Type 1 thyroplasty is an established procedure for the treatment of vocal fold paralysis to improve voice and swallowing outcomes. At our institution, we commonly perform this procedure on an outpatient basis in medically stable patients. With this study, we assess the safety of outpatient thyroplasty by examining complication and readmission rates, need for revision surgery, and predictors of these outcome measures.

Methods:

We performed a retrospective review of patients undergoing outpatient type 1 thyroplasty for vocal fold paralysis between 2013 and 2018 at our institution. We documented the etiology of paralysis, comorbidities, and demographic data. Our primary outcome measures were complications, need for readmission, and need for revision surgery.

Results:

During the study period, 160 patients met our inclusion criteria. Mean age at time of surgery was 62.1 ± 13.9 years; there were 82 (51%) males and 78 (49%) females. Nine (5.6%) patients experienced major complications after surgery and 7 (4.4%) patients required unplanned readmission. Mean time to complication was 6.9 ± 9.7 days. There were no instances of postoperative airway compromise requiring intervention. There were no mortalities. Of those who underwent primary surgery, 22 (14%) patients required revision surgery.

Conclusion:

Given that complications tend to occur in a delayed fashion rather than in the acute postoperative period, same-day discharge seems reasonable as compared to overnight observation in medically stable patients undergoing type 1 thyroplasty.

Level of Evidence:

Keywords

type 1 thyroplasty vocal cord paralysis outpatient

Introduction

Glottic insufficiency can have a significant impact on a patient’s quality of life and is a commonly encountered complaint in otolaryngology. It is characterized by the incomplete closure of the vocal folds when phonating or swallowing, potentially resulting in weak voice, weak cough, and an increased risk of dysphagia and aspiration. Glottic insufficiency due to vocal fold paralysis is most commonly caused by iatrogenic damage to the recurrent laryngeal nerve (RLN) during surgery. However, it can also occur secondary to intubation, direct compression or invasion of the RLN by malignancy, or due to idiopathic causes.^1,2 Glottic insufficiency can also result from vocal fold atrophy. This is seen as a common change with age and a sequela of neuromuscular disease.
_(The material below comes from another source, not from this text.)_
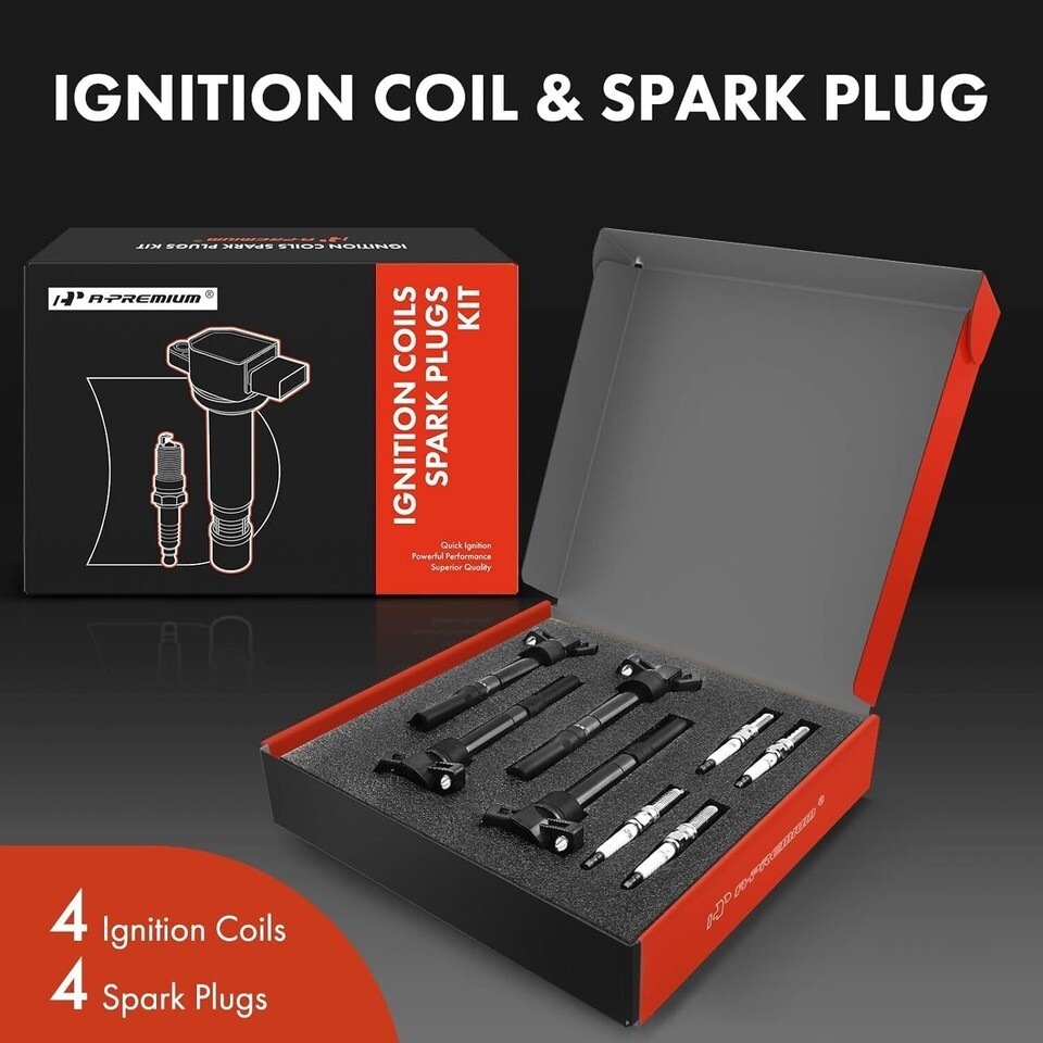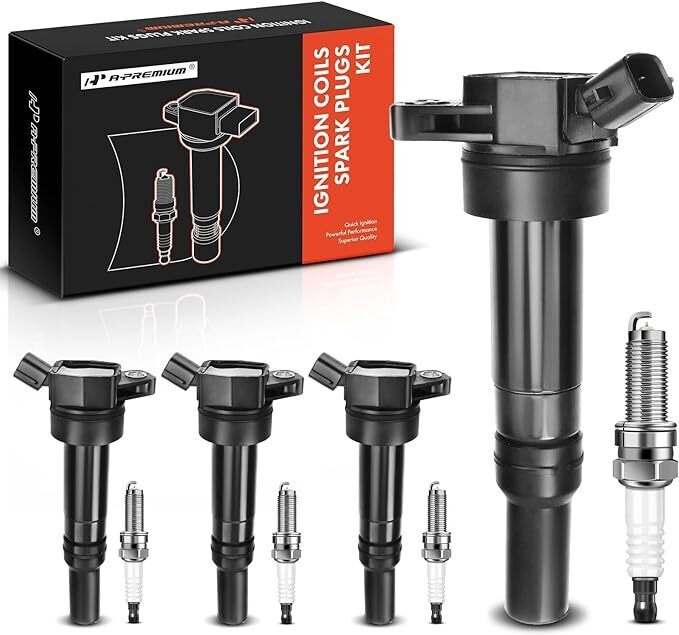 Complete Pack of 6 A-Premium Set of 4 Ignition Coil Pack (2-pin) and Iridium Spark Plugs Compatible with Hyundai Elantra 2012-2016 1.8L 4 Cyl, Tucson 2014-2020 2.0L 4 Cyl Kia Soul 2012-2019 2.0L 4 Cyl

A variety of treatment options are available for glottic insufficiency, ranging from voice therapy to surgical intervention. Surgical options include injection laryngoplasty, laryngeal reinnervation, and laryngeal framework surgery, such as unilateral or bilateral type 1 thyroplasty.³ Type 1 thyroplasty, first described by Isshiki et al in 1975, is an established procedure for the treatment of vocal fold paralysis to improve voice and swallowing outcomes.^4

-8 This technique is particularly advantageous, as it can be performed under sedative anesthesia, allowing simultaneous laryngoscopy and voice assessment. The degree of medialization can be adjusted in the operating room (OR) as well as assessing for any airway complaints. The implant is inserted through a window in the thyroid cartilage lateral to the thyroarytenoid muscle ipsilateral to the side of weakness or atrophy. The procedure most commonly involves the placement of Silastic (Bentec Medical, Inc, Woodland, California) or Gore-Tex (W.L. Gore & Associates, Inc, Flagstaff, Arizona) implants, with no reported difference in outcomes based on implant type.⁹

Although thyroplasty was originally described as an outpatient procedure, it is often performed in an inpatient setting due to concerns regarding acute airway complications.^10,11 Various studies have discussed procedure-related complications after surgical treatment for glottic insufficiency. Major complications reported include airway compromise requiring intubation or tracheostomy, hematoma requiring wound evacuation, pharyngocutaneous fistula formation, or implant extrusion.^10,12
-14 Despite reports of these complications, most patients do well and do not require overnight admission. At our institution, we commonly perform type 1 thyroplasty on an outpatient basis and discharge patients on the same day as surgery. Intraoperatively, patients are given antibiotics and steroids, and they are discharged home on a prednisone taper. We present our experience with type 1 thyroplasty performed on an outpatient basis in patients whose other medical conditions would not preclude ambulatory surgery. This study reviews the safety and efficacy of outpatient thyroplasty by examining incidence and timing of postoperative complications, the need for revision surgery, and predictors of these outcome measures to determine which patients may benefit from inpatient observation and close follow-up.

Materials and Methods

Following institutional review board approval, we compiled clinical information on all patients aged 18 years and older undergoing type 1 thyroplasty as an outpatient procedure from 2013 to 2018 in the Department of Otolaryngology—Head and Neck Surgery, Thomas Jefferson University Hospital. Institutional review board approval by the Thomas Jefferson University Division of Human Subjects Protection was obtained to create a database with both demographic and clinical data. Variables evaluated included the following: etiology of vocal cord paralysis, demographics (age, body mass index [BMI], gender), medical comorbidities, history of previous neck surgery or radiation, history of previous cordectomy, and need for revision procedures. History of prior treatments such as vocal cord injection was also recorded. Procedure characteristics evaluated included laterality of the procedure (left, right, bilateral), new or revision case, type of implant (Silastic or Gore-Tex), operative time, and length of hospital stay. Information regarding both intraoperative and postoperative complications within 3 months of surgery and unplanned readmission were also collected.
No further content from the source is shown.